Exercise aim ▸
Pictures are not part of the answer. Write out exactly the lines from the one containing "根据CoinMarketCa" through the end of the material below.

The data ▸
● ● ● ● ●

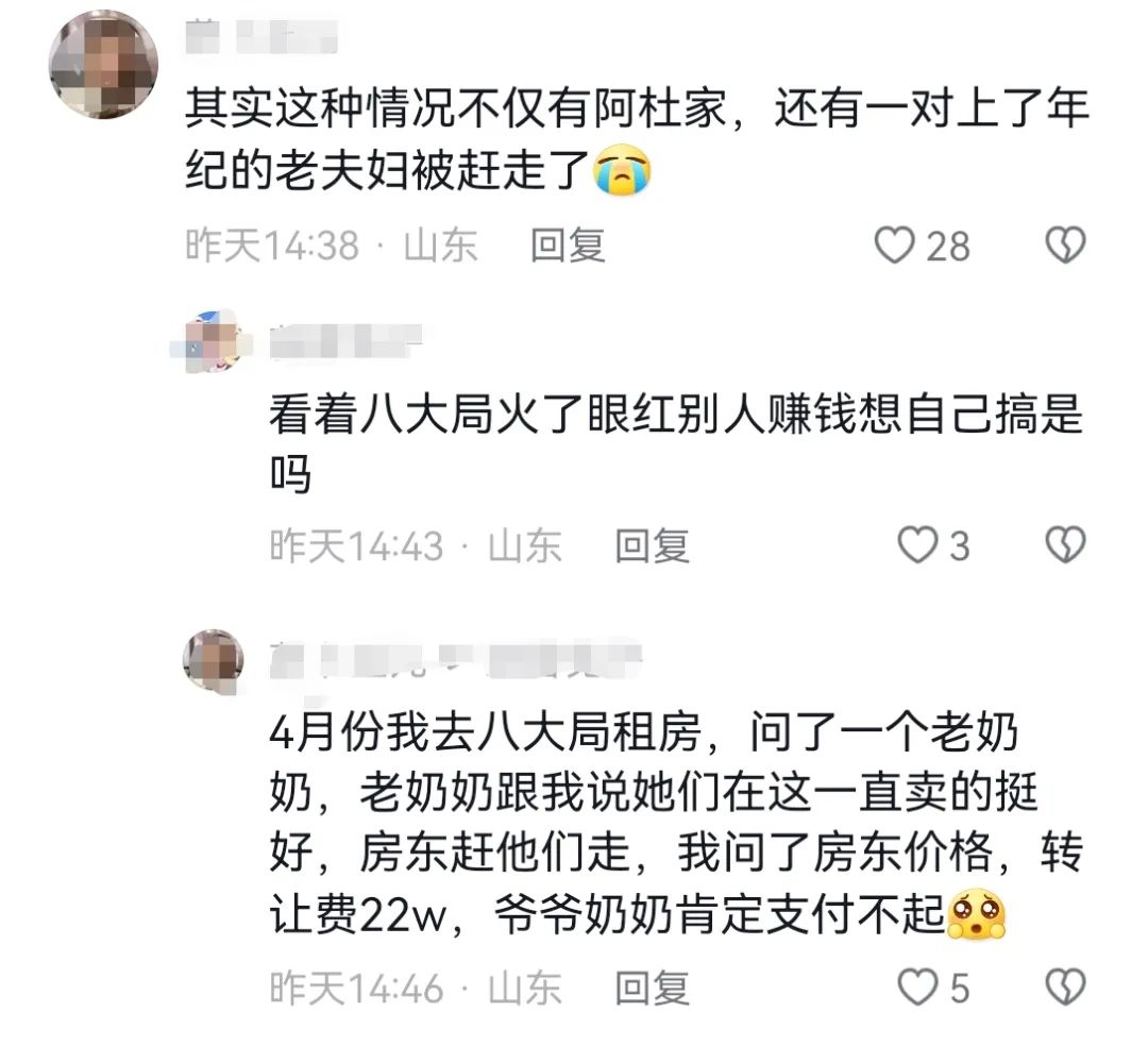 5月12日晚,抖音账号“八大局阿杜麻辣串”发布了一条视频,店主杜老板讲述了自己在八大局的这10年,证实了网民所说的“房东让搬走”这个说法。“这就是现在的小店,修修补补了10年。虽然不完美,但是它承载了太多回忆,所以突然说让收拾东西走人,心里接受不了。但是没办法,实实在在赚个辛苦钱,承受不了当下这种高昂的房租。被别人收走,心有不甘,但别无他法。”
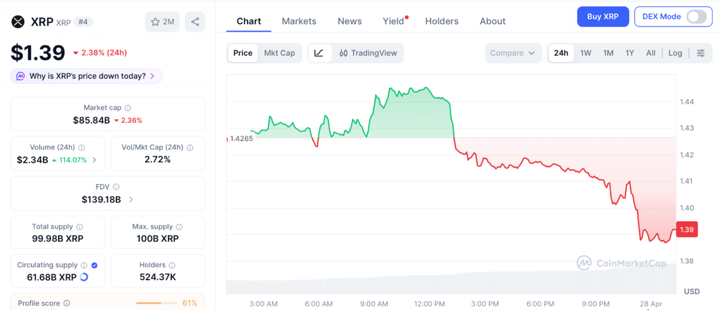根据CoinMarketCap数据,截至4月27日,瑞波币交易价格为1.39美元,在1.39美元支撑位上方的对称三角形内盘整。《CLARITY法案》是区分平淡之年与突破行情的唯一催化剂,4月23日有120家公司要求参议院进行投票。
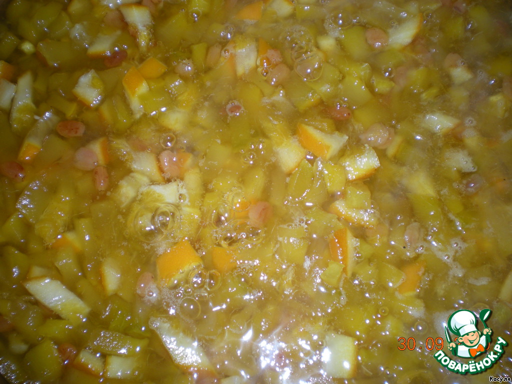 Сварить сироп (я взяла 2 стакана воды, но можно и меньше, быстрее сироп загустеет). Залить все сиропом и варить час-полтора. Вконце добавить 2 ч. л. лимонной кислоты. Закатать в банки. У меня получилось где-то 3 литра.

● ● ● ● ●

Finished exercise ▸
根据CoinMarketCap数据,截至4月27日,瑞波币交易价格为1.39美元,在1.39美元支撑位上方的对称三角形内盘整。《CLARITY法案》是区分平淡之年与突破行情的唯一催化剂,4月23日有120家公司要求参议院进行投票。
 Сварить сироп (я взяла 2 стакана воды, но можно и меньше, быстрее сироп загустеет). Залить все сиропом и варить час-полтора. Вконце добавить 2 ч. л. лимонной кислоты. Закатать в банки. У меня получилось где-то 3 литра.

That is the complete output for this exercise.